France's Areva Seals $11.86 Billion China Nuclear Deal

France's Areva on Monday clinched the biggest commercial nuclear power contract on record, agreeing to sell China two reactors and to provide atomic fuel for nearly two decades in a deal worth far more than expected.

At 8 billion euro ($11.86 billion) the contract would be more than double the price tag first mooted 10 months ago, when Beijing signaled it would give the French state-owned firm a slice of its ambitious nuclear expansion plan.

Areva said its deal was "unprecedented in the world nuclear market" and marked "the start of a global and sustainable cooperation" with the China Guangdong Nuclear Power (CGNPC), which will help build the plant in southern China.

"It reaffirms our global nuclear leadership and reinforces our presence in one of the most promising markets for decades to come," Areva President and Chief Executive Officer Anne Lauvergeon said, according to a company statement.

French utility EDF would finance 30 percent of the deal in return for a stake in the plant, Lauvergeon said.

The deal also secures Beijing access to uranium by allowing CGNPC to buy 35 percent of the production of UraMin, a subsidiary of Areva focused on uranium mining in Africa.

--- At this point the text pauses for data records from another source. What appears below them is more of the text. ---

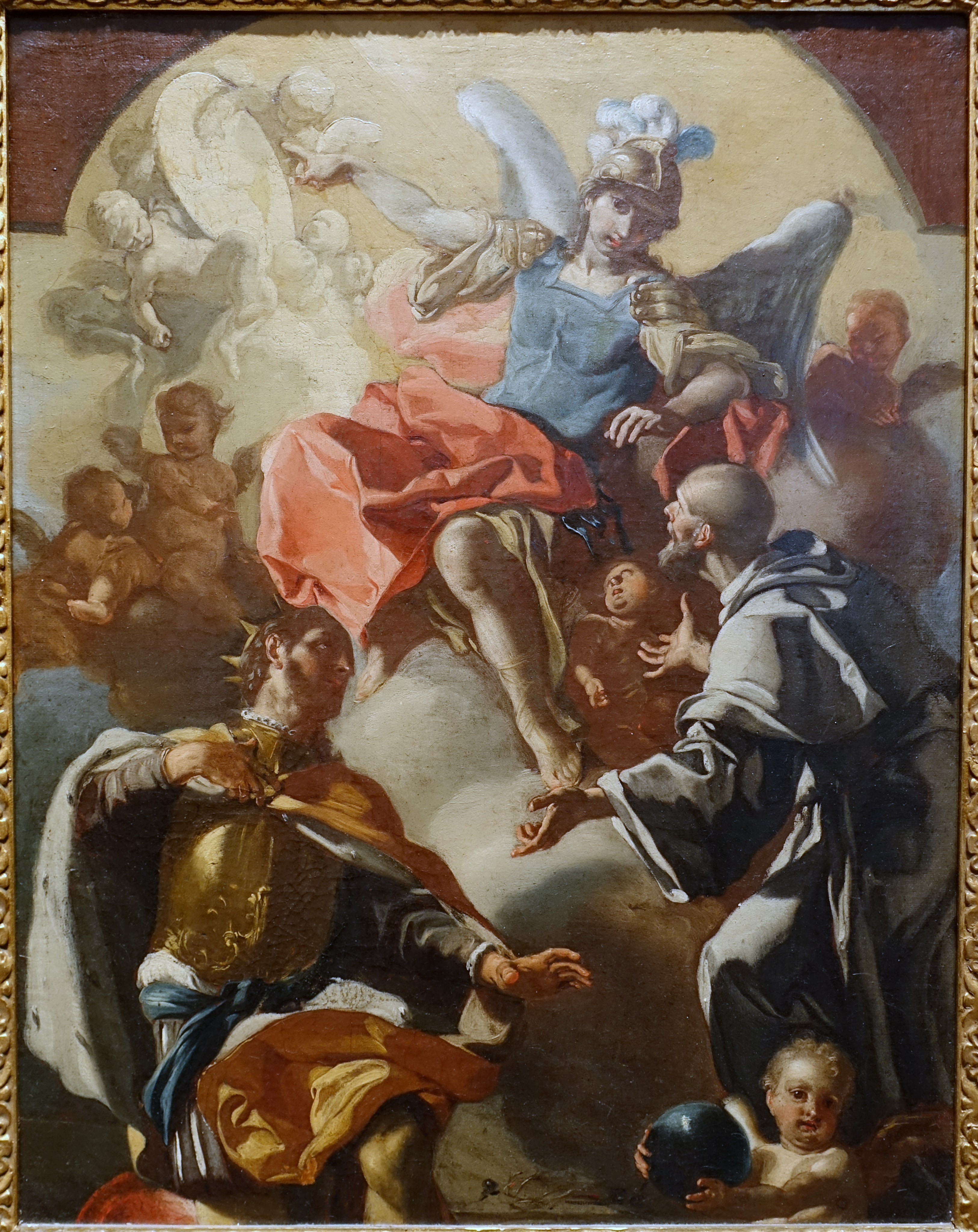 Exhibit in the Blanton Museum of Art - Austin, Texas, USA. This work is old enough so that it is in the public domain.
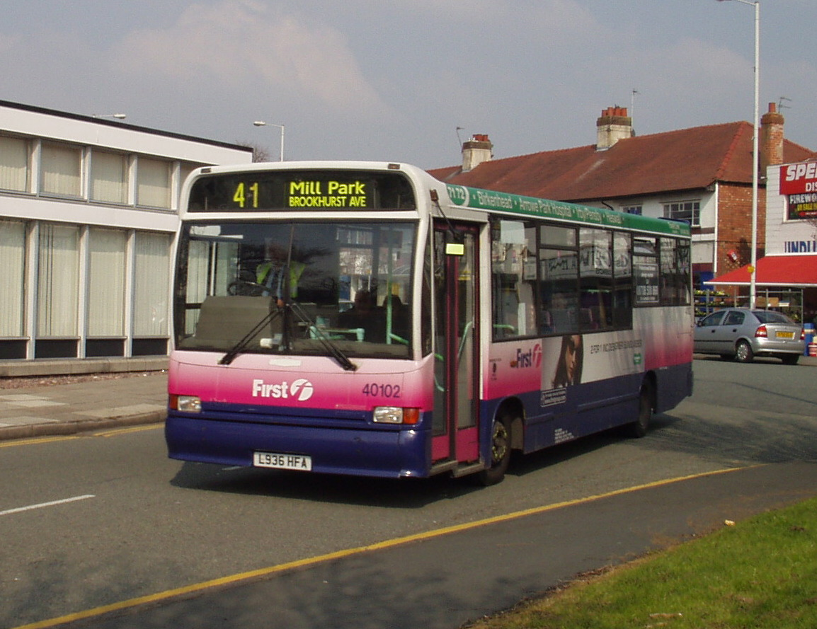 Dennis Dart single-decker bus with Marshall C37 bodywork L936 HFA in Bromborough, Wirral, England operated by First Chester and the Wirral.
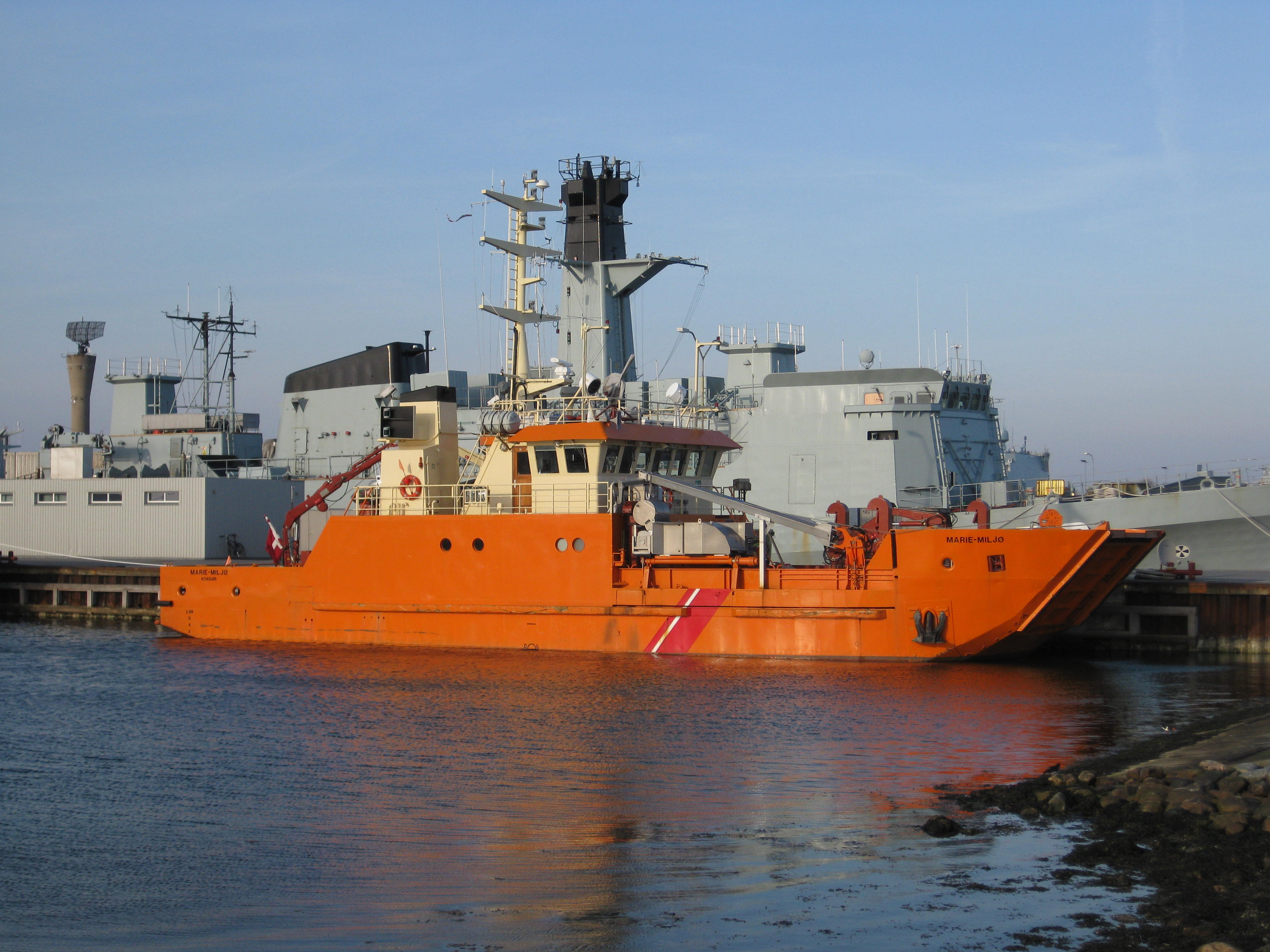 Marie Miljø at navalbase Korsør
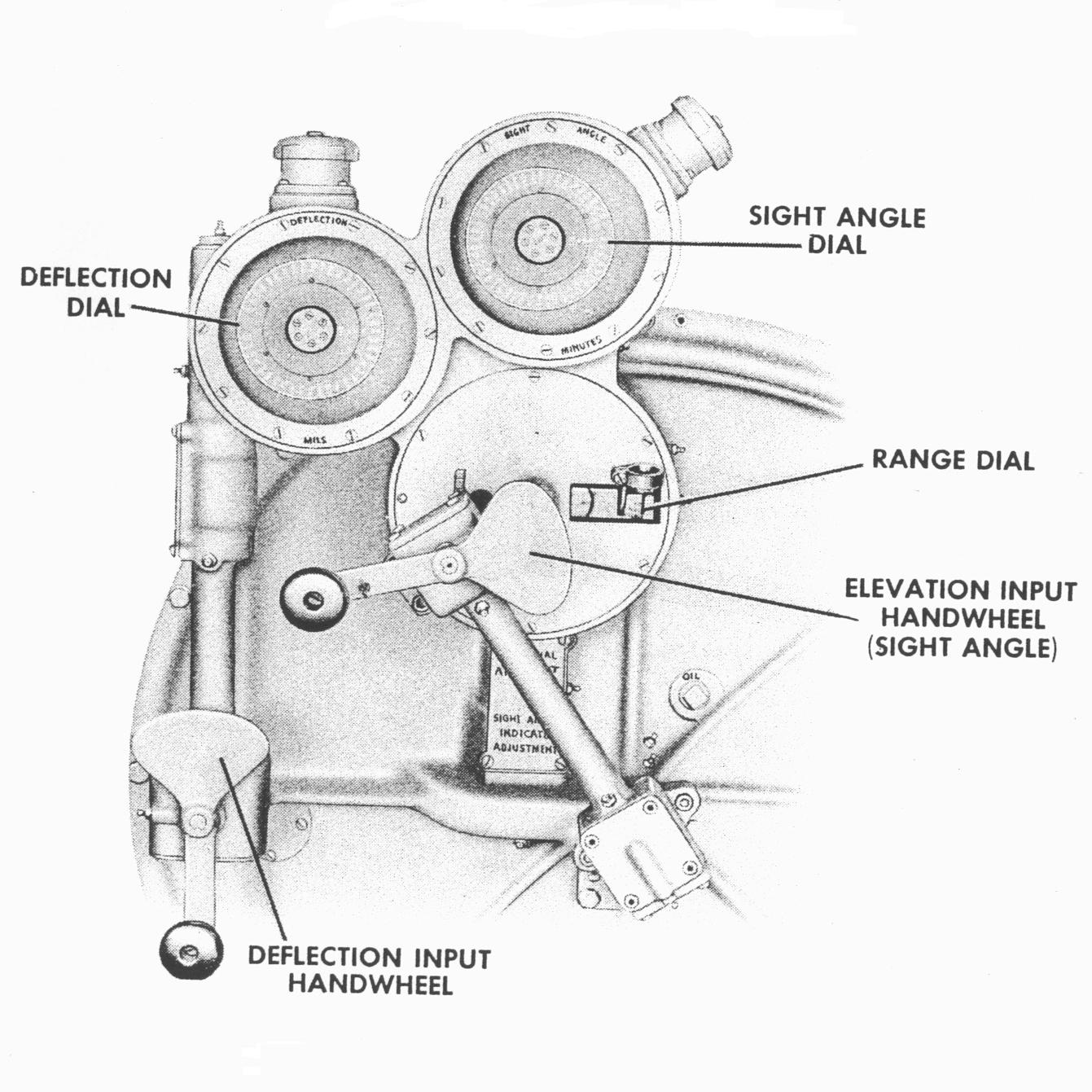 5"/38cal Sight Setter dials. Cropped portion of image scanned from source.
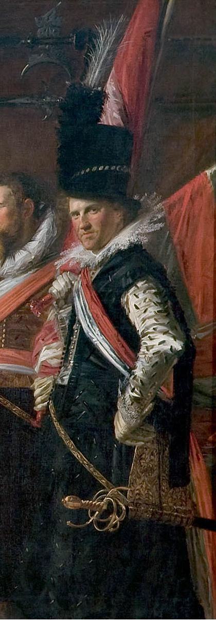 Portrait of Boudewijn van Offenberg in The Banquet of the officers of the Saint George Civic guard in Haarlem in 1616, detail
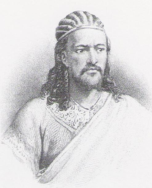 Tewodros II, around 1860
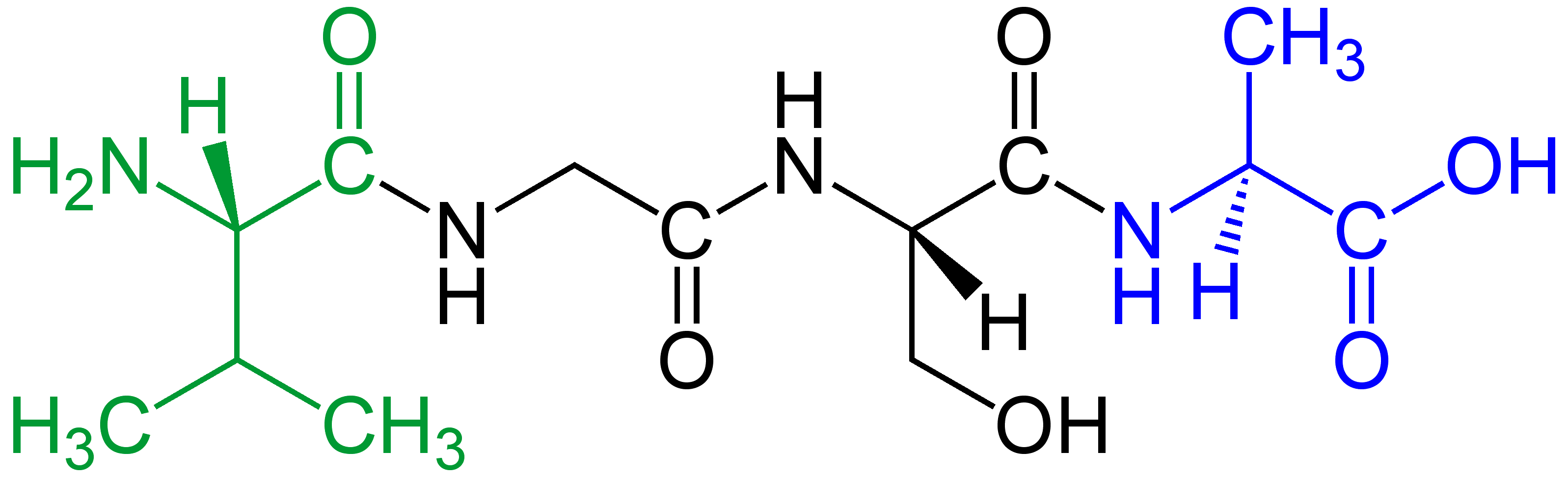 Tetrapeptide structural formulae N-terminus (Green) (N-terminus) and C-terminus (Blue) (C-terminus)
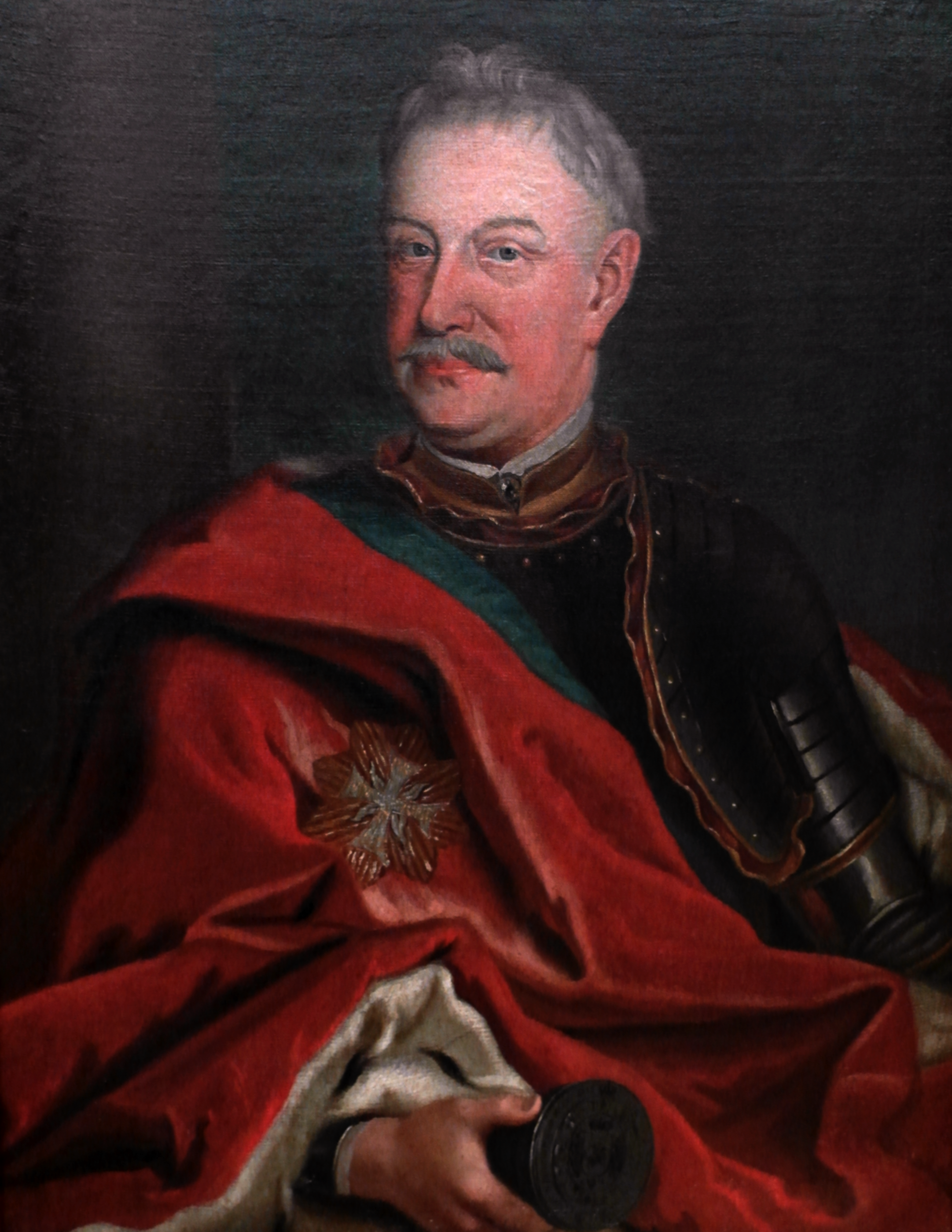 Portrait of Jan Fryderyk Sapieha (1680-1751)
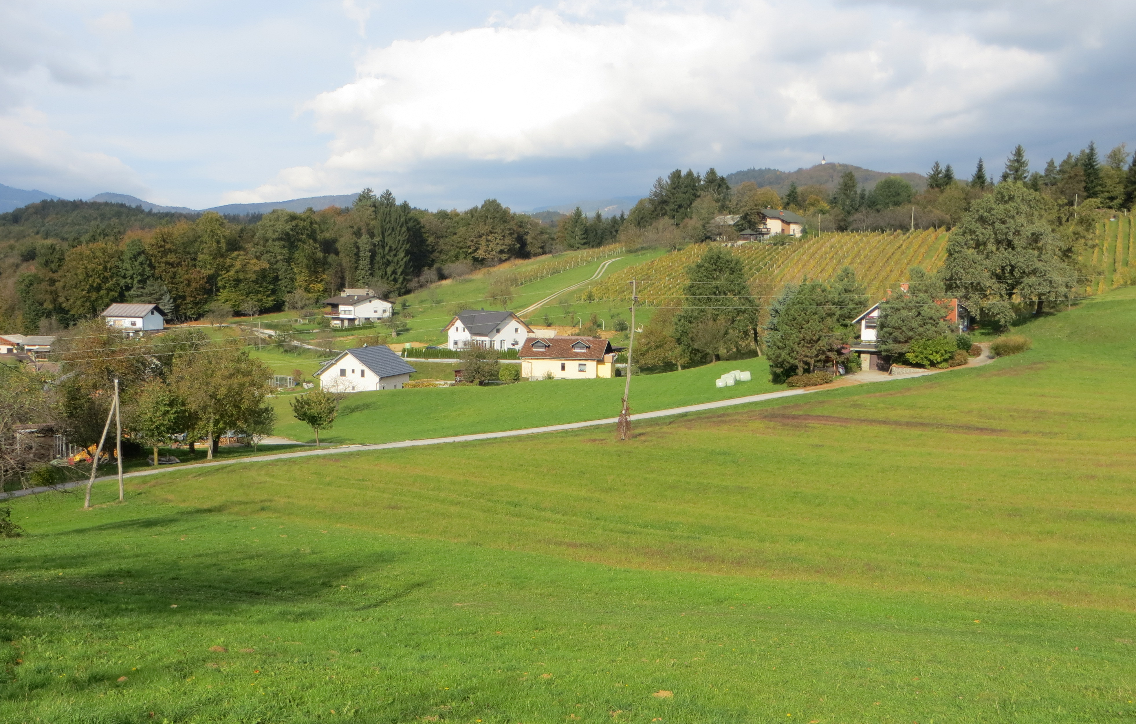 Bezina, Municipality of Slovenske Konjice, Slovenia
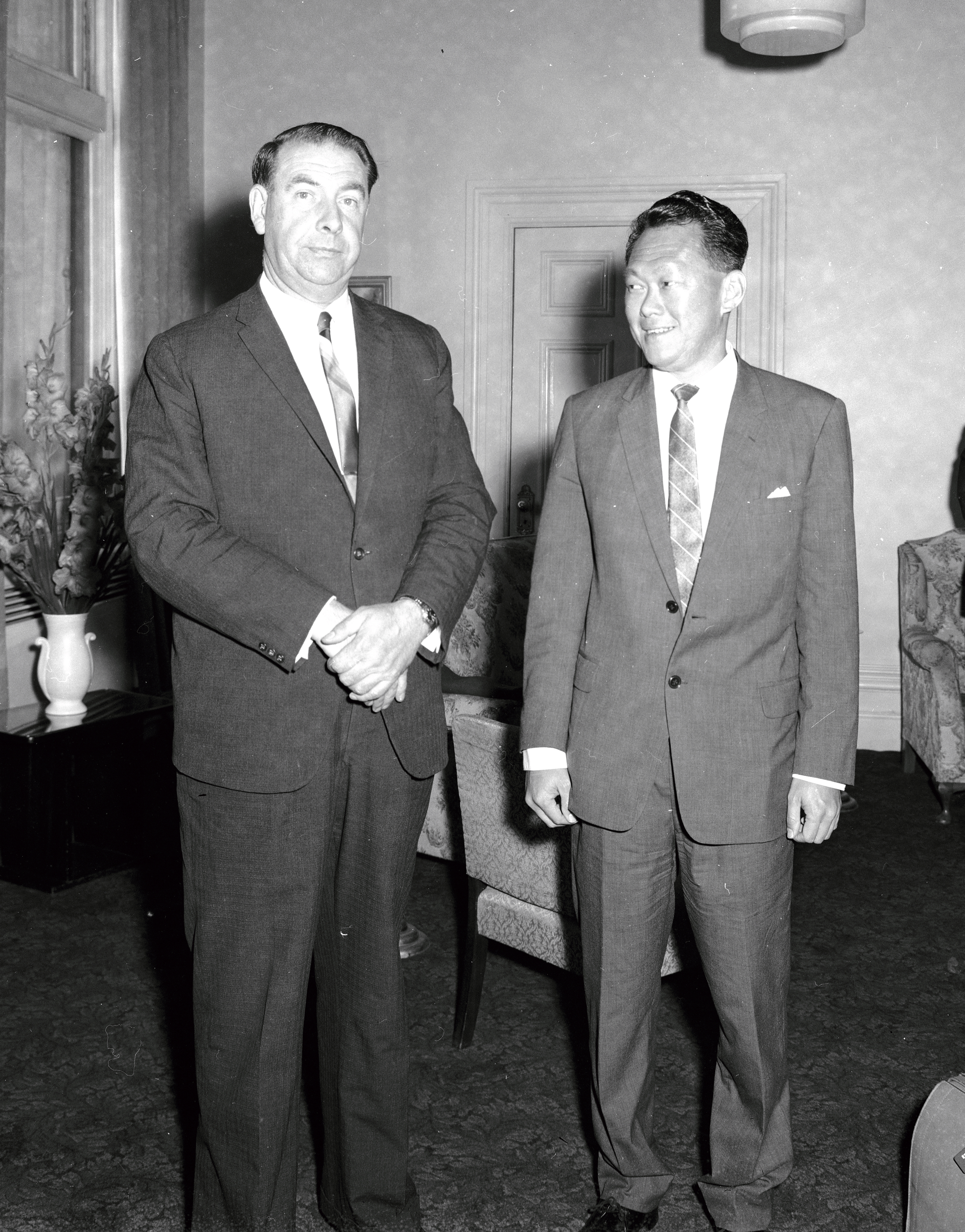 Mr. Lee Kuan Yew, Prime Minister of Singapore, at a Mayoral reception

Beijing is growing increasingly anxious about securing the imported energy and commodity resources necessary to fuel its economic growth, and has tended to favor investors in these sectors who are able to guarantee supplies.

Surprise

A year ago, Areva appeared in danger of losing out on China's plans to roughly quadruple its nuclear capacity to 40 gigawatts by 2020, after U.S.-based Westinghouse Electric, now owned by Japan's Toshiba, sealed a deal for four reactors.

Westinghouse won a deal then estimated at $8 billion to help build "third generation" nuclear power plants, which are promoted as safer and more efficient than current ones.

But Beijing later surprised both sides by expanding the original tender from four plants to six, giving the French company a fresh chance at a piece of China's growing nuclear pie.

The agreement, covering 3.4 gigawatts of capacity, is Areva's first China contract for its European pressurized reactors, although it already has a presence in the country.

The reactors are expected to start generating power in 2014 and Areva will provide fuel to run them through 2026.

The announcement was part of a raft of deals agreed during Nicolas Sarkozy's first visit to China as president of France.

Sarkozy has pressed Beijing to help curtail Iran's nuclear plans. But a brace of deals announced during his visit showed France is eager to court China's own atomic power sector.

Areva and the China National Nuclear agreed to study whether to build a spent nuclear fuel reprocessing-recycling plant in China that could be worth 15 billion euros and to create a joint venture in zirconium.

The euro denomination will please Paris, which has been expressing growing concern about the weakness of the dollar.

The U.S. currency last week fell to a record low against the euro.